Required fix shape: (a) add a typed provider configuration section in `.claw/settings.json` such as `providers.<name>.apiKey`, `authToken`, `baseUrl`, `source`, `enabled`, `capabilities`, and `secretRef`; (b) define deterministic precedence across CLI flag, settings, env, dotenv, and saved OAuth, with provenance surfaced in `status`/`doctor` JSON and text output; (c) support redacted display and validation without leaking secret values; (d) allow search-provider credentials from #245 to use the same registry rather than introducing a separate ad-hoc key path; (e) emit config-load telemetry for selected auth source, missing/empty secret, invalid base URL, and fallback taken; (f) add migration guidance/tests proving env-only setups still work while settings-first setups require no shell exports.
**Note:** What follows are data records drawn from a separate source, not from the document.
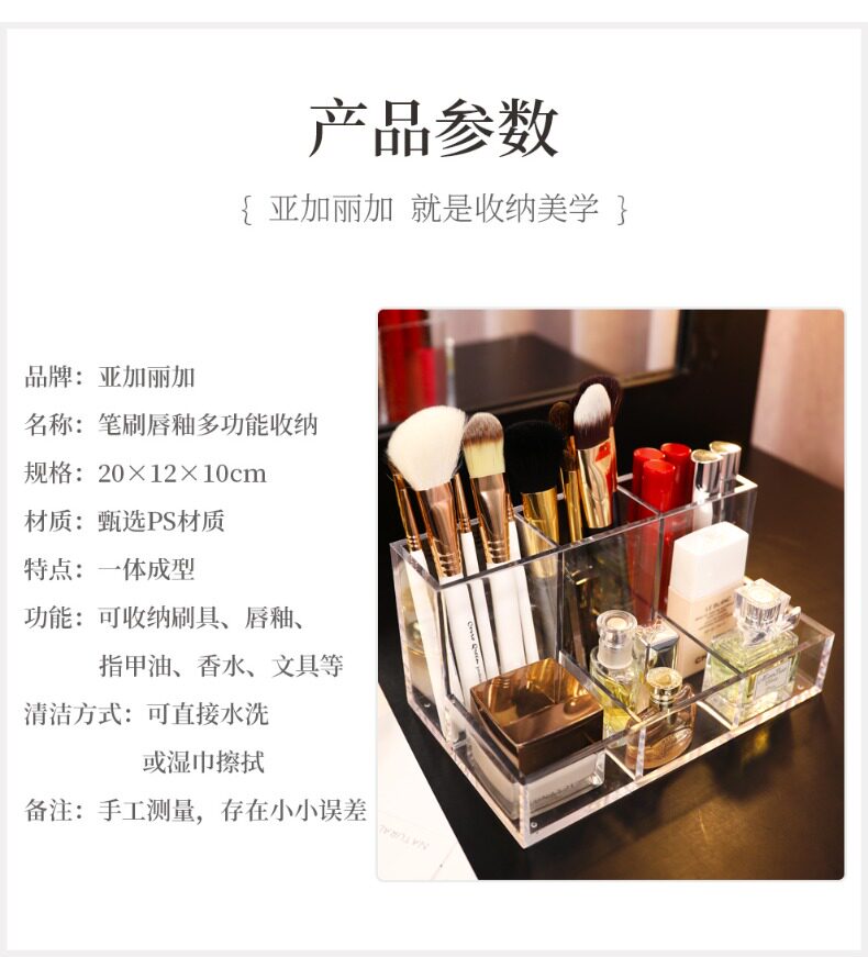 Прозрачная акриловая настольная кисть, коробка для хранения, карандаш для бровей, блеск для губ, щетка
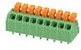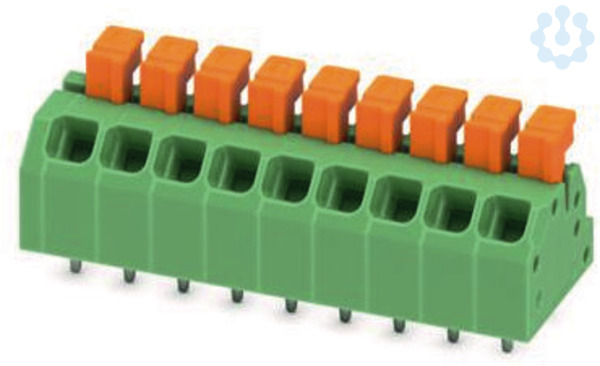Leiterplattenklemme, Nennstrom: 13,5 A, Bemessungsspannung (III/2): 160 V, Nennquerschnitt: 1 mm², Anzahl der Potenziale: 9, Anzahl der Reihen: 1, Polzahl pro Reihe: 9, Artikelfamilie: SPTAF 1/..-LL, Rastermaß: 3,5 mm, Anschlussart: Push-in-Federanschluss, Montage: Wellenlöten, Anschlussrichtung Leiter/Platine: 45 °, Farbe: grün, Pin-Layout: Lineares Doppel-Pinning, Pinlänge [P]: 2,6 mm, Verpackungsart: verpackt im Karton
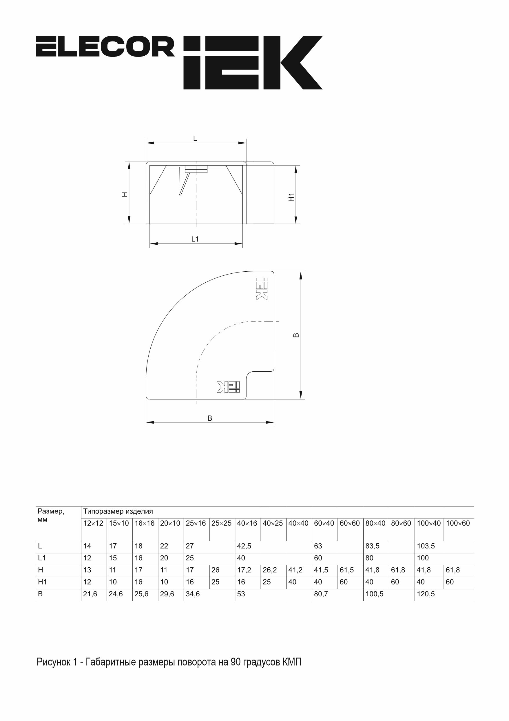 ELECOR Поворот 90град КМП 100х60 черный (2шт/компл) IEK
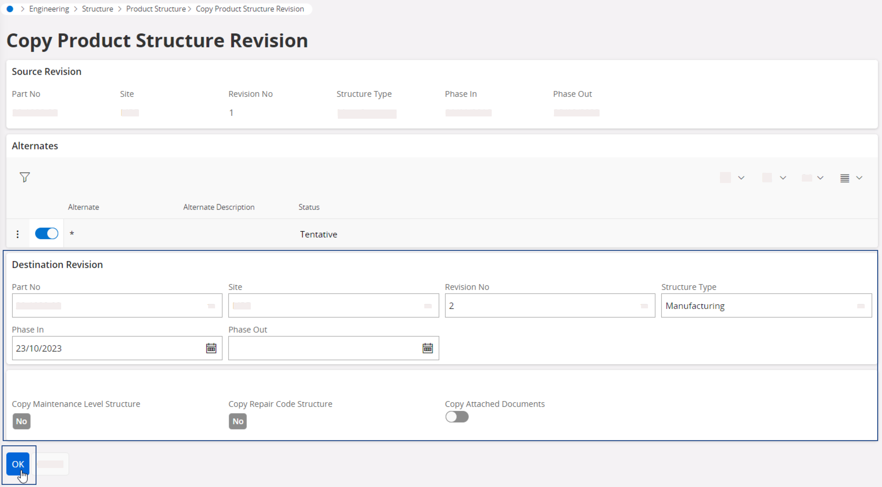 To validate the product structure, expand the box Alternate, then click .
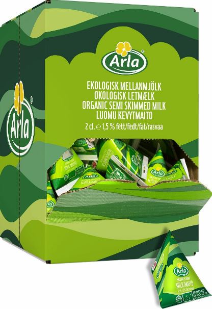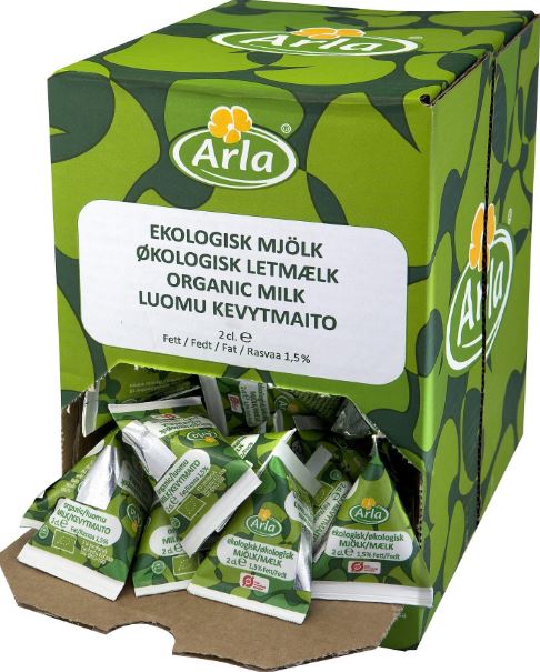 Arla® ekologisk mellanmjölk i smidiga portionsförpackningar – perfekt för gäster som önskar ekologisk MJÖLK till sitt kaffe eller te. Den praktiska kartongen gör det enkelt att servera och förvara. Produkten kan stå i rumstemperatur utan att förlora kvalitet.
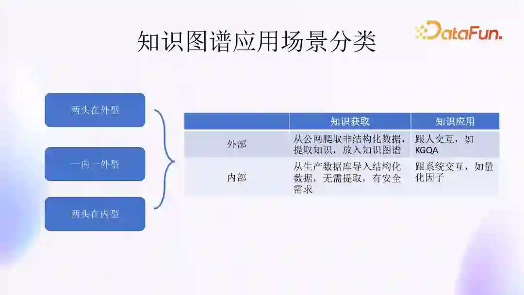 上图是知识图谱的技术栈,对此感兴趣的读者可以进一步了解。针对知识图谱在大模型时代是否会被淘汰这一问题,需要根据知识图谱的应用场景分情况讨论。(2)知识图谱应用场景分类****首先,要看知识的来源是内部还是外部;其次,要考虑知识图谱的应用对象是与人交互还是与系统交互。不同的应用场景,实际情况大不相同。根据这种组合方式,可以将知识图谱的应用场景划分为三个类别:
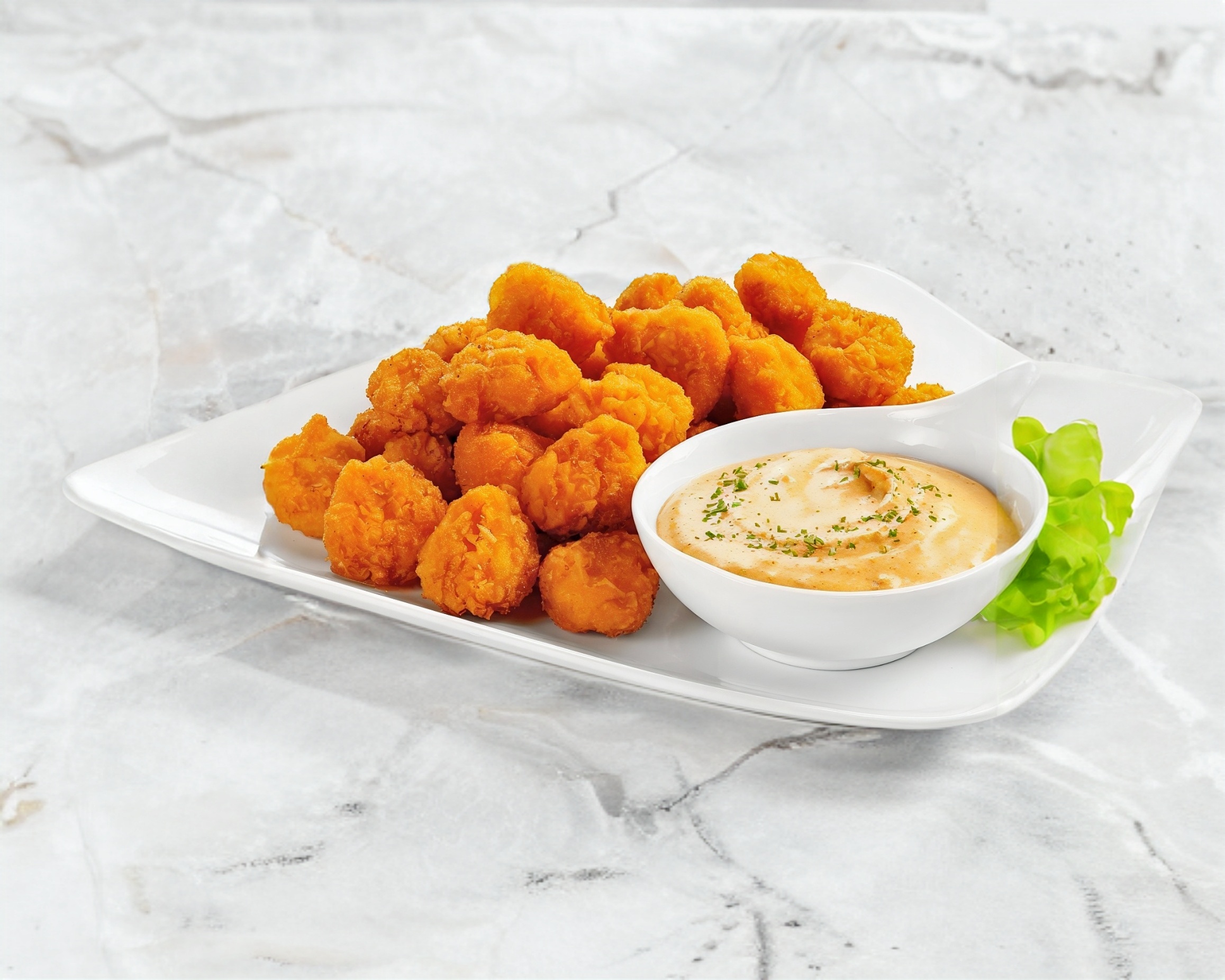 Bolitas de pollo naturales o acompañado de tu salsa favorita.
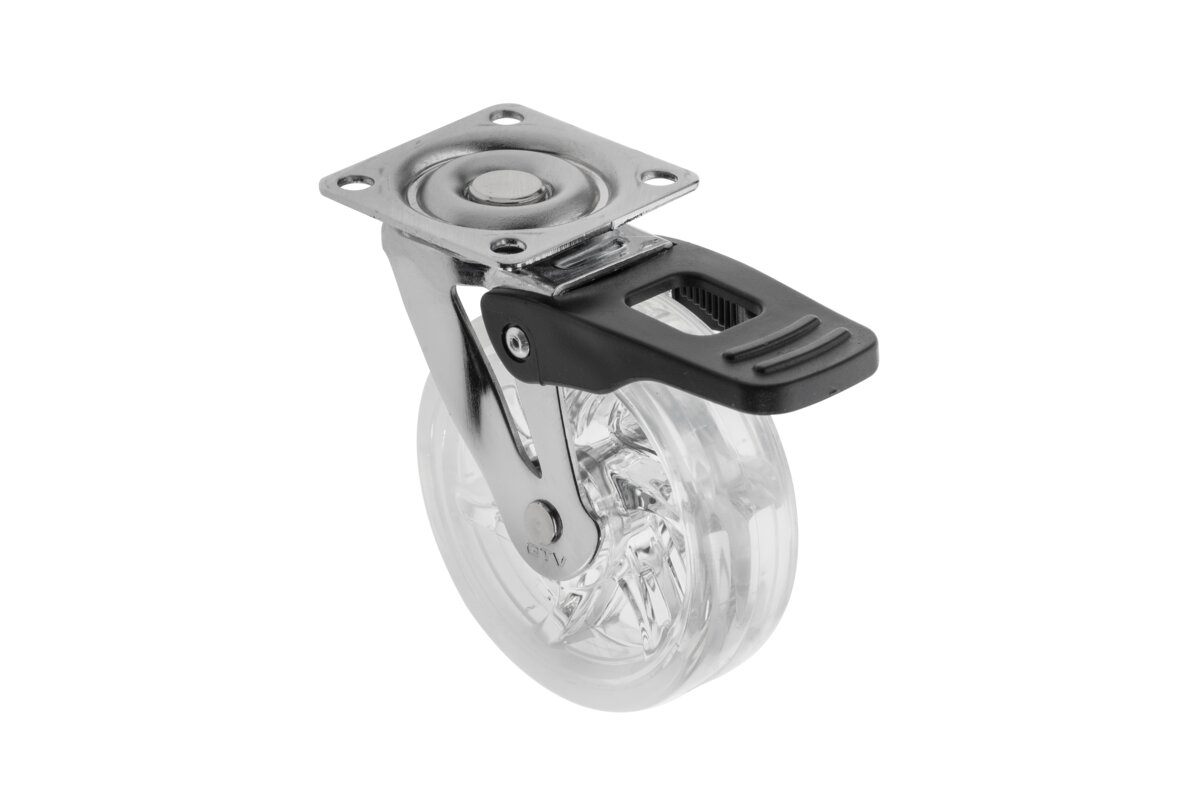 Rolka meblowa GTV SHIFT 75, H=91mm, fi75 mm, z hamulcem, PC/PU, przezroczysty
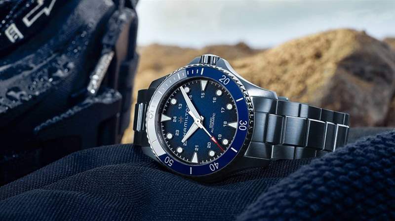 增強防水性,陶瓷制作的單向旋轉表圈,提高易讀性:Hamilton的潛水員邀請我們在陸地上,當然還有海上拓寬視野。
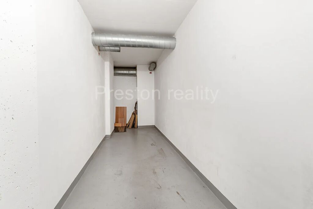 Bytu dominuje hlavní obývací pokoj s kuchyňským koutem (30 m2). Moderní kuchyňská linka je plně vybavena (elektrická trouba, mikrovlnná trouba, sklokeramická varná deska, lednice mrazák). Z obývacího pokoje je vstup na větší balkón (3,5 m2). V další části bytu se nachází dva samostatné pokoje (11 a 12 m2), přičemž jeden z nich má vlastní menší balkón (2 m2). V prostorné koupelně (5 m2) s rohovou vanou je prostor pro umístění standardně velké pračky (šíře 60 cm). WC zvlášť. K dispozici je také praktická komora v bytě (2,3 m2) a velký sklep u garážového stání ve třetím podzemním podlaží. Garáž o ploše 19 m2 má rozměry 2,87 x 6,67 m, přičemž vjezd je vrata umožňují vjezd pro vozidla o maximální šířce 2,24 m a výšce 1,94 m. Velkokapacitní sklep má plochu 10 m2 a rozměry 5,6 x 1,7 m. Pár kroků od vstupních dveří od domu je k dispozici praktická kočárkárna.

Acceptance: a fresh user can configure Anthropic/OpenAI/xAI/DashScope/Brave/Tavily/Firecrawl entirely through settings.json (or secret refs) and `claw doctor --json` can explain exactly which provider config was used, where it came from, and why, without depending on terminal-specific environment state. **Status:** Open. No source code changed. Filed as ROADMAP-only dogfood pinpoint from the 2026-04-26 00:30 UTC nudge. Cluster delta: startup-friction +1, config-provenance +1, settings-first-provider-auth cluster founded, env/dotenv-precedence-observability cluster founded; linked to #245 because pluggable search providers require the same settings-backed credential substrate.